SQL Server - Index Fragmentation - Understanding Fragmentation

When I had a discussion with couple of my friends about index fragmentation, I realized that they have different understanding about index fragmentation. In this post I will try my level best to explain different types of fragmentation.Understanding the concept of index fragmentation is important  for detecting and removing fragmentation efficiently.

What is Fragmentation

Fragmentation can be defined as any condition that cause more than optimal amount of disk I/O to be performed in accessing a table or cause the longer  disk I/O. Optimal performance of SELECT queries occurs when the data pages of tables are contiguous  as possible and pages are fully packed as possible.Fragmentation breaks this rule and reduce the performance of the queries. Fragmentation can happen in two level . One is file system level fragmentation which is called as Logical/Physical Disk Fragmentation and Index level fragmentation. Each of them are described in the below sections.

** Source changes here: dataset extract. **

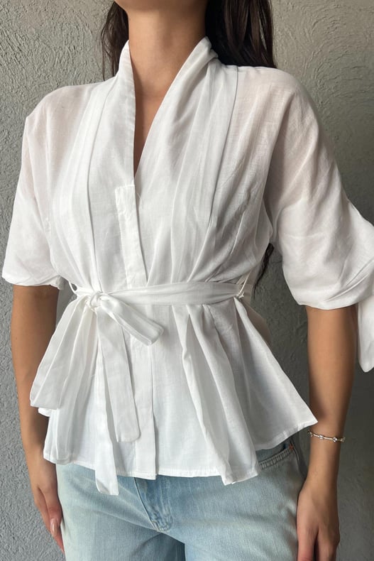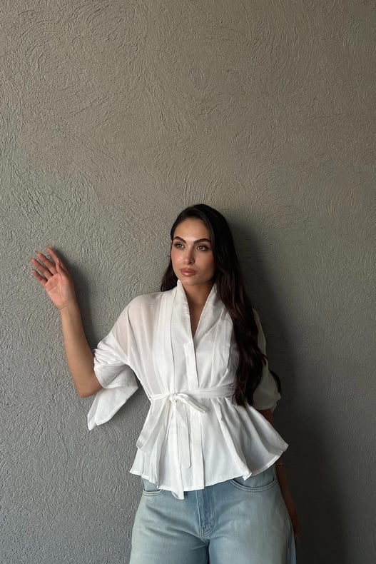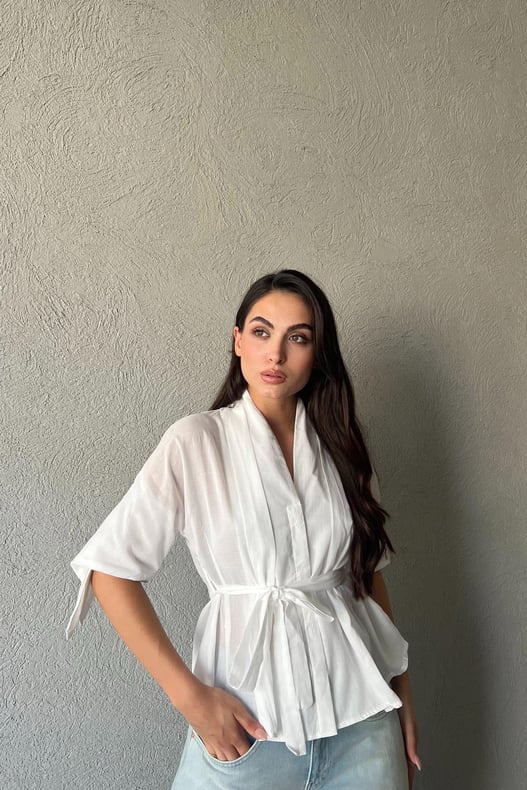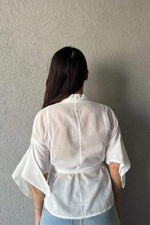 Beyaz Pens Detaylı Vual Kumaş Gömlek (Kemersiz) SY-2850-Beyaz

Logical/Physical  Disk Fragmentation

Logical fragmentation is the fragmentation of database file in the file system itself like any other files.This occurs when the file system is not able allocate contiguous space for database file.As a result, disk head has to move back and forth to read from the database files. SQL server is completely unaware about this kind of fragmentation and it is not possible to measure the logical disk fragmentation using any script. Logical disk fragmentation can happen due to various reason like
  • Placing  database file in the same disk where other files( like OS files and other application files)are kept.
  • Frequent growth of the database file in smaller chunks.
To remove logical fragmentation we can use the windows fragmentation tool but note that we need to stop the SQL server while running the defragmentation tools.Otherwise the defragmentation tool will skip database file as it is used by the SQL server. 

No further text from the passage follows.